* What the task requires:
In the copy, keep the lines from the first line of the material below through the line containing "近日,湖南省教育厅发布《关于" exactly as they are, and include no pictures.
Top of Data to process
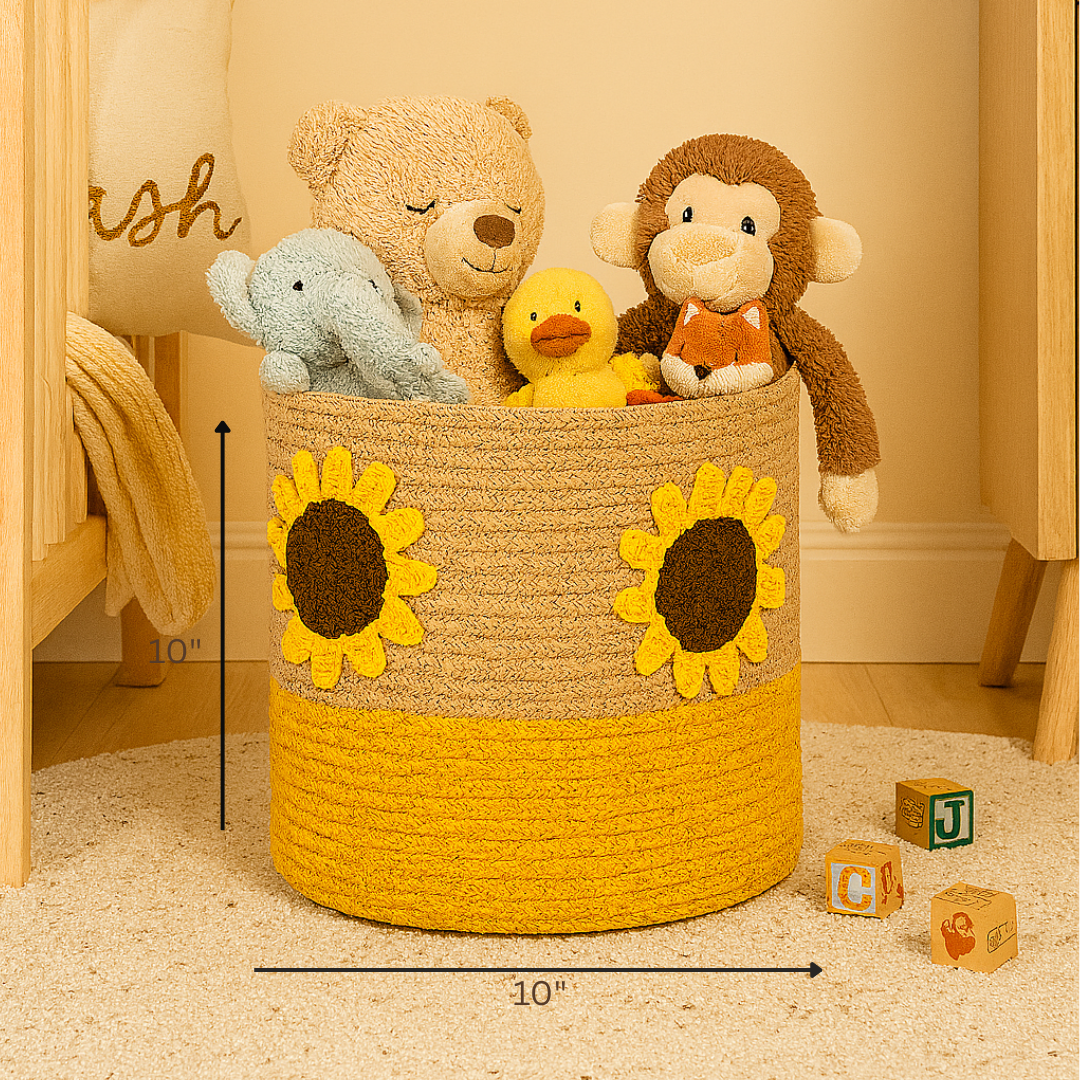 Brighten your space with the Sunny Bloom Jute Basket—a joyful blend of tradition, texture, and craft. This handwoven beauty features 4 handknitted sunflowers, crafted using the ancient art of crochet weaving. These 3D elevated sunflowers add depth, charm, and a pop of personality to the natural jute base—bringing the warmth of the outdoors inside your home.
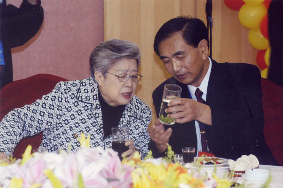 校友李秀生(右)和国家领导人吴仪(左)在一起
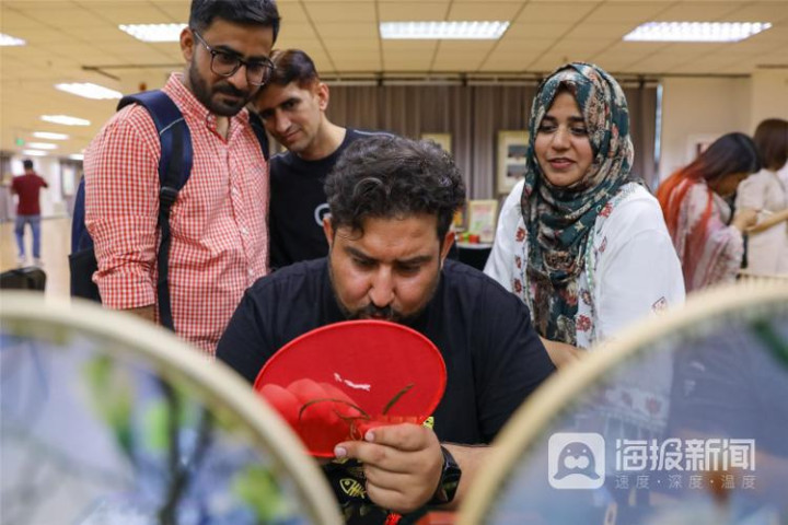 《国际留学生体验中国非遗文化》 2023年6月9日,留学生在山东省青岛市李沧区文化馆体验刺绣。第十八个文化和当然遗产日行将降临,来自俄罗斯、巴基斯坦等国度的21名国际留学生,受邀走进青岛市李沧区文化馆学习体验熏画、刺绣、剪纸等非遗容貌,近距离感受中华传统文化的独有魔力。张鹰 摄
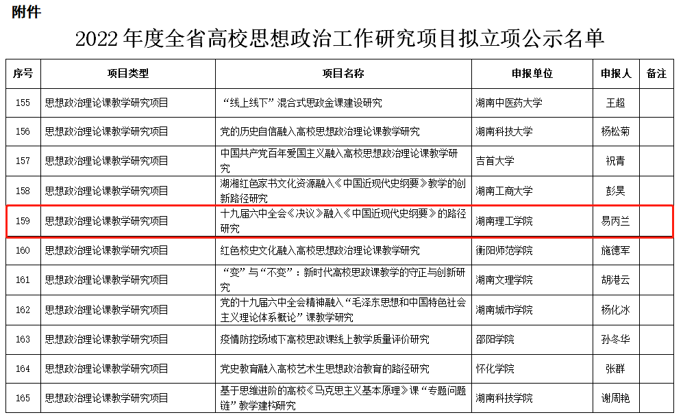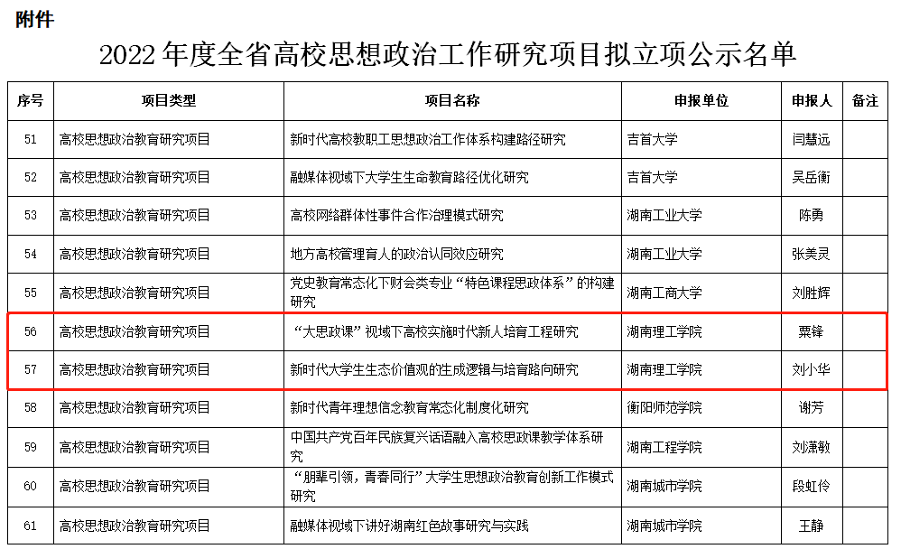 近日,湖南省教育厅发布《关于2022年度全省高校思想政治工作研究项目评选结果的公示》,我院教师刘小华副教授的《 新时代大学生生态价值观的生成逻辑与培育路向研究》和粟锋博士《“大思政课”视域下高校实施时代新人培育工程研究》获得高校思想政治教育研究项目立项,易丙兰博士的《十九届六中全会<决议>融入<中国近现代史纲要>的路径研究》获得思想政治理论课教学研究项目立项,我院本年度推荐的高校思想政治工作研究项目全部获批,立项率为100%。
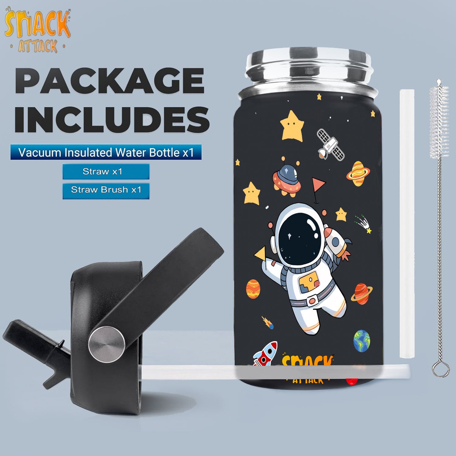 - ★HAND WASH ONLY: Snack Attack kids insulated water bottle is made of premium 18/8 stainless steel, fully resistant to oxidation and corrosion. This water bottle comprises BPA-free, food-safe, non-toxic materials, making it safe for your kids. In order to maintain the vibrant colors, please clean the cup by hand washing. This metal water bottle includes 1 Kids Stainless Steel Water Bottle, 1 Leak Proof Lid, 1 Straws, 1 Straw Cleaning Brush.
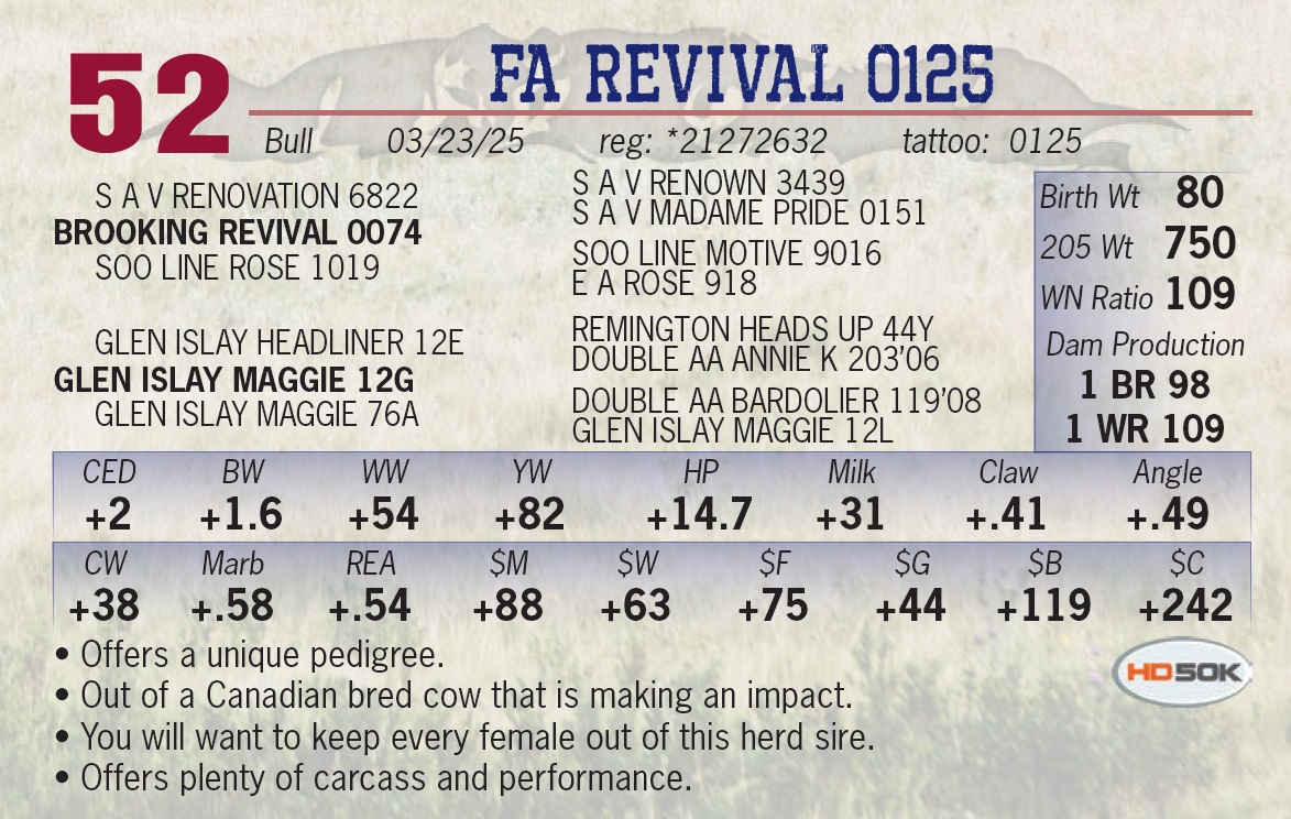 | FA REVIVAL 0125 | 52 | Yearling Bull | • Offers a unique pedigree. • Out of a Canadian bred cow that is making an impact. • You will want to keep every female out of this herd sire. • Offers plenty of carcass and performance. |
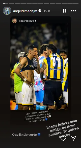 Leandro Paredes y Ángel Di María se tiraron flores en Instagram luego de haberse enfrentado en Rosario. “Qué placer compartir tantas cosas juntos y qué placer es verte jugar. Te quiero amigo“, escribió el volante. Luego, el extremo reposteó la historia y respondió: “Lo que jugás a esto amigo, no tiene nombre. Te quiero mucho“.
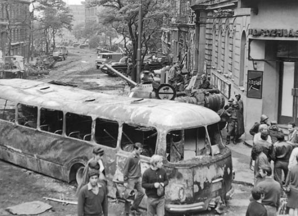 „Vážení posluchači, zůstaňte u svých přijímačů.“ Tím vyzval 21. srpna 1968 krátce po půl druhé ráno hlasatel Vladimír Fišer obyvatele Československa. Rozhlas běžně končil vysílání ve dvě hodiny v noci, ale tentokrát tomu bylo jinak. V 1:55 se ozvala slova, která se řadě lidí navždy vryla do paměti: „Vojska Sovětského svazu, Polské lidové republiky, Německé demokratické republiky, Maďarské lidové republiky a Bulharské lidové republiky překročila státní hranice…“ Po několika prvních větách se Fišerův hlas na hlavních vysílačích ztratil, protože je spoje na příkaz ředitele Karla Hoffmana vypnuly. Člověk by si myslel, že už se nikdy nic podobného nemůže opakovat… Málo známý snímek ukazuje Vinohradskou ulici pár metrů od rozhlasu během srpnových událostí 1968
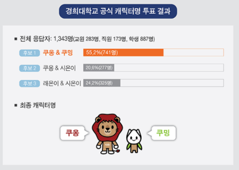 쿠옹이는 쿠(KHU)와 스페인어로 사자를 뜻하는 레온(Leon)의 온이 합쳐져 만들어졌다고 하는데요,
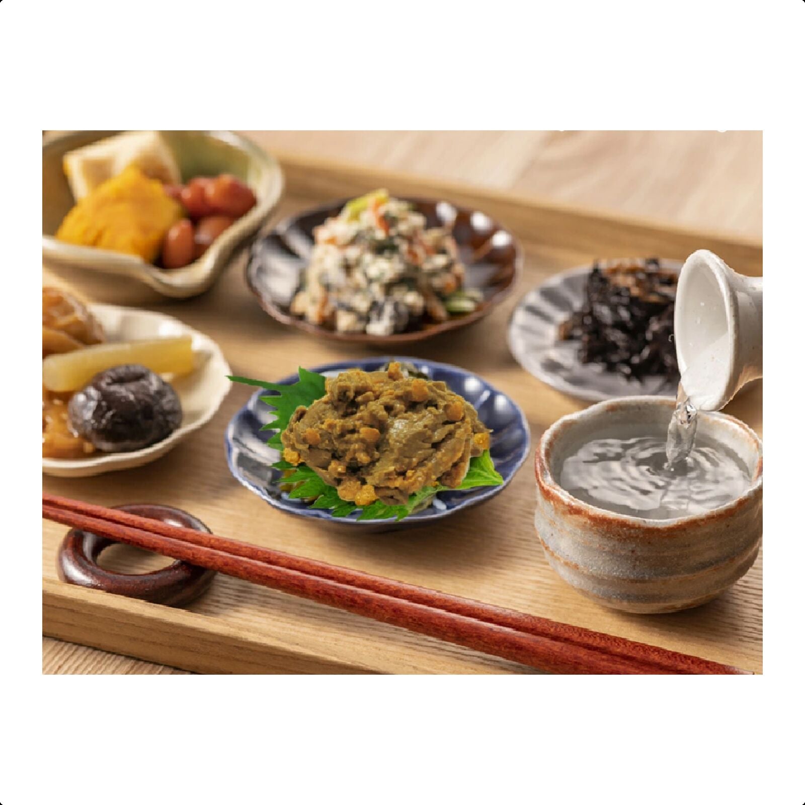 海膽罐頭和蟹味噌。請作為配菜與酒一起享用。
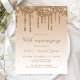 Cette invitation tendance pour une fête d'anniversaire de mariage de 50 ans présente une bordure de fausse dripping pailletée dorée et un fond ombré. Les mots "50e Anniversaire" et les noms des mariés apparaissent dans un script fantaisiste de couleur or, le reste du texte personnalisable étant en police sans empattement de couleur or.
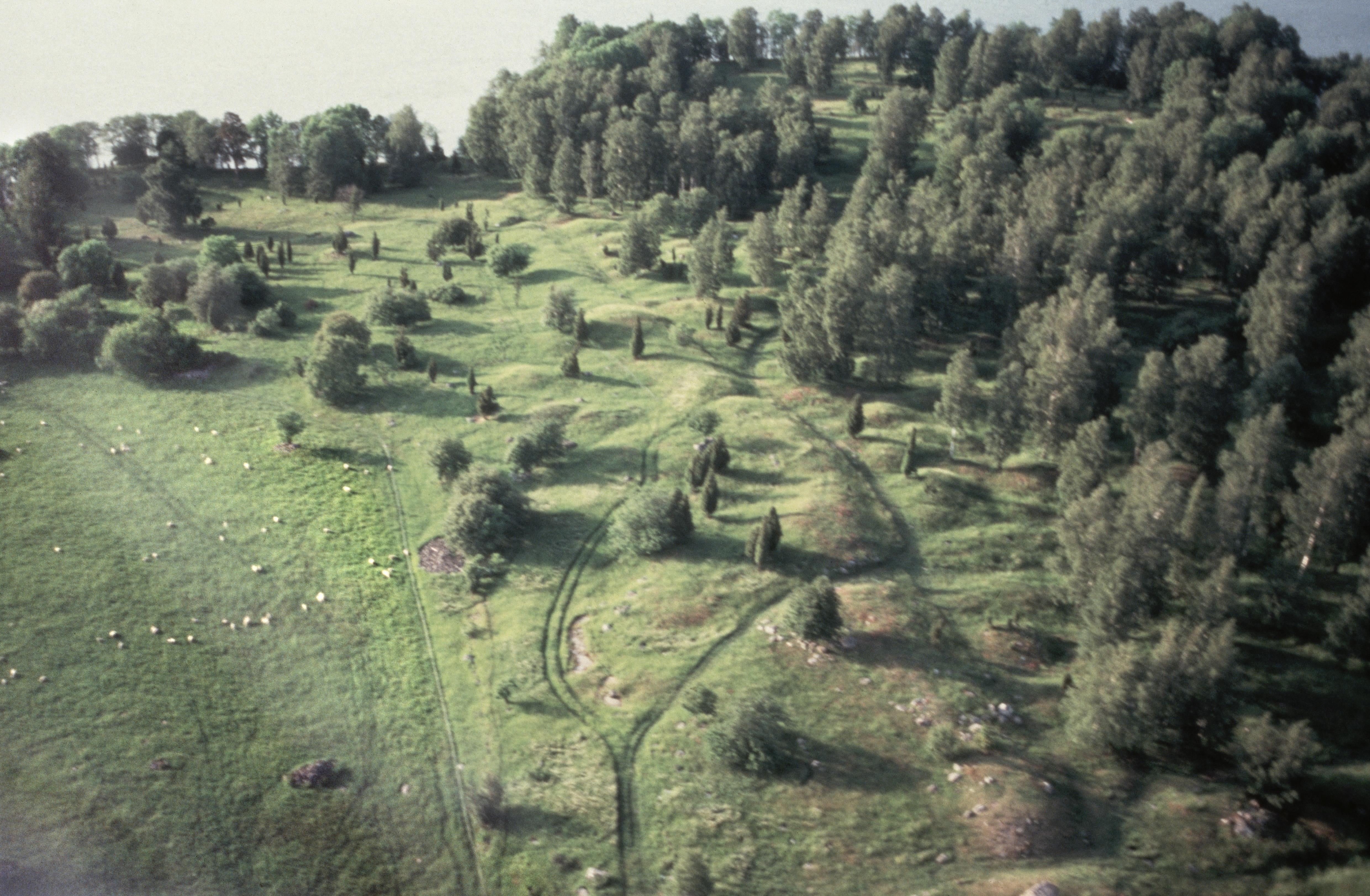 Beskrivning: Fornlämningsområdet Birka på Björkö i Mälaren. Norra delen av ön i området Hemlanden och Svarta jorden RAÄnr Adelsö 118:1. Stadsvallen Adelsö 119:1-2 mot Kugghamn. (NB! Bilden är något oskarp.) Bilden är tagen mot (väderstreck): N
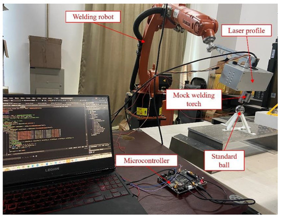 In the hand–eye calibration experiment, a calibration tool—hereinafter referred to as the “simulated welding torch”—was employed to replicate the operation of an actual welding torch. A standard stainless-steel ball, with a diameter of 40.00 mm ± 0.01 mm, was securely positioned within the workspace of the robotic arm’s vision guidance system. According to the calibration procedure detailed in Section 2.1, the robotic arm was first controlled to measure the standard ball 10 times using the line-structured light sensor, restricting movement to translation only. Subsequently, the robotic arm measured the standard ball another 10 times using the line-structured light sensor from arbitrary poses [17]. During these measurements, to prevent singularities in the calibration algorithm, variations occur along the , , and axes of the base coordinate system were ensured when translating the robotic arm. When the robotic arm adopted arbitrary poses, all six joints exhibited variation. Finally, the hand–eye matrices and were determined:
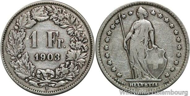 R5089 Switzerland 1 Franc Helvetia 1903 B Berne Silver -> Make offer
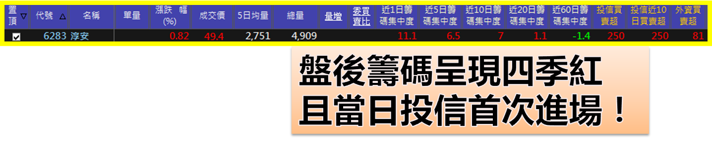 你會發現當天是投信首次進場,且籌碼也轉換為四季紅模式,
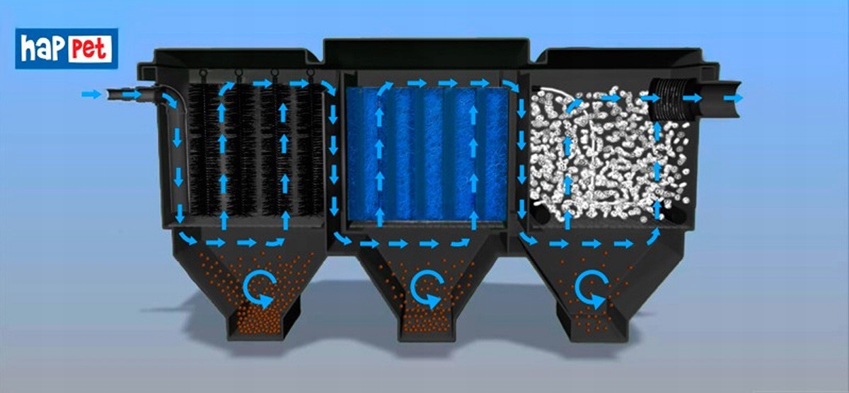 Принцип работы фильтра основан на протекании воды из пруда через последующие камеры, всегда сначала достигая отстойника, где оседают более крупные загрязнения. Из отстойников вода поступает вверх, проходя через последующие фильтрационные слои.
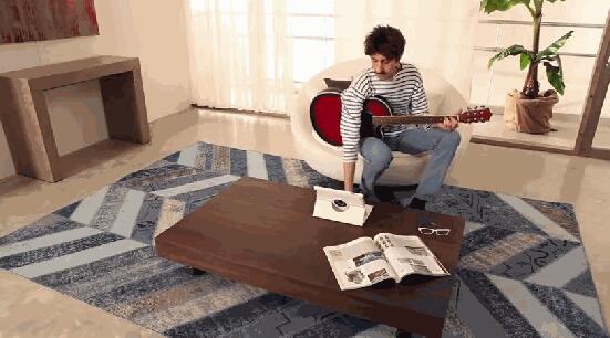 Ozzio Newood堪稱咖啡桌餐桌領(lǐng)域的變形變形金剛,人少的時(shí)候,可以當(dāng)做茶幾使用,如果人多了,可以將一側(cè)拉伸,然后從里面掏出折疊的桌面,直接將Ozzio Newood延長,我們可以在上面下棋、吃飯,絕對(duì)非常實(shí)用。
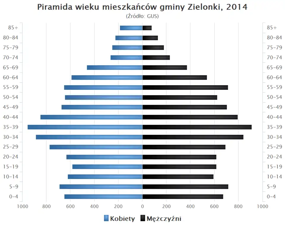 - Piramida wieku mieszkańców gminy Zielonki w 2014 roku[5].
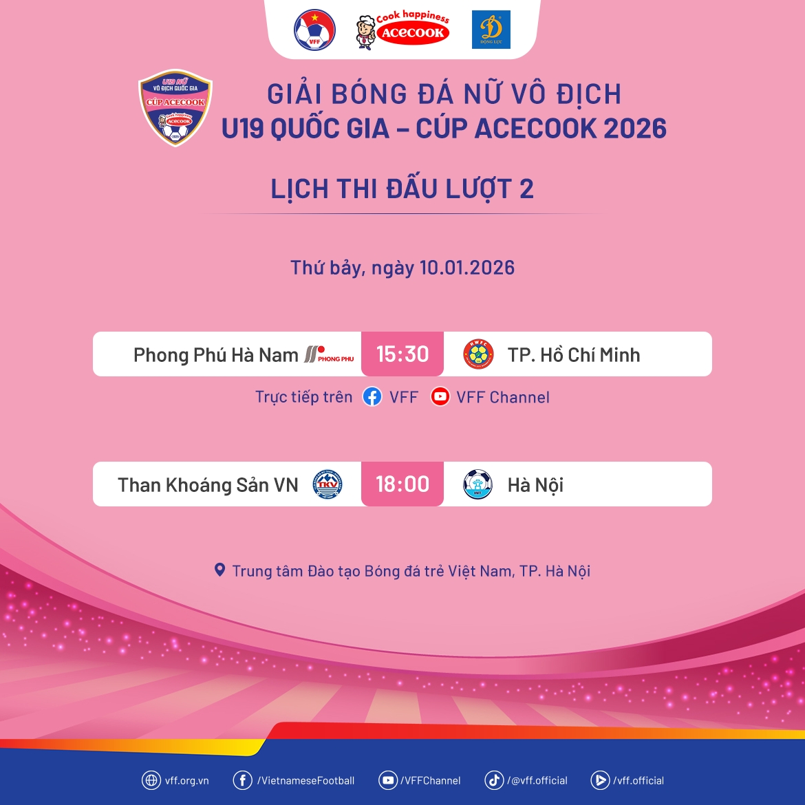 Trong khi đó, giải bóng đá U19 nữ Quốc gia sẽ bước vào lượt trận thứ 2 với các trận đấu được diễn ra tại trung tâm đào tạo bóng đá trẻ Việt Nam ở Hà Nội. Vào lúc 15h30, ứng viên vô địch Hà Nam sẽ có cuộc so tài với TP.HCM. Nếu tiếp tục giành chiến thắng, Hà Nam sẽ tiến bước dài đến việc bảo vệ thành công chức vô địch. Vào khung 18h, Than KS Việt Nam sẽ có trận đấu mở màn mùa giải gặp Hà Nội.
Bottom of Data to process
* Response for this exercise:
 Brighten your space with the Sunny Bloom Jute Basket—a joyful blend of tradition, texture, and craft. This handwoven beauty features 4 handknitted sunflowers, crafted using the ancient art of crochet weaving. These 3D elevated sunflowers add depth, charm, and a pop of personality to the natural jute base—bringing the warmth of the outdoors inside your home.
 校友李秀生(右)和国家领导人吴仪(左)在一起
 《国际留学生体验中国非遗文化》 2023年6月9日,留学生在山东省青岛市李沧区文化馆体验刺绣。第十八个文化和当然遗产日行将降临,来自俄罗斯、巴基斯坦等国度的21名国际留学生,受邀走进青岛市李沧区文化馆学习体验熏画、刺绣、剪纸等非遗容貌,近距离感受中华传统文化的独有魔力。张鹰 摄
 近日,湖南省教育厅发布《关于2022年度全省高校思想政治工作研究项目评选结果的公示》,我院教师刘小华副教授的《 新时代大学生生态价值观的生成逻辑与培育路向研究》和粟锋博士《“大思政课”视域下高校实施时代新人培育工程研究》获得高校思想政治教育研究项目立项,易丙兰博士的《十九届六中全会<决议>融入<中国近现代史纲要>的路径研究》获得思想政治理论课教学研究项目立项,我院本年度推荐的高校思想政治工作研究项目全部获批,立项率为100%。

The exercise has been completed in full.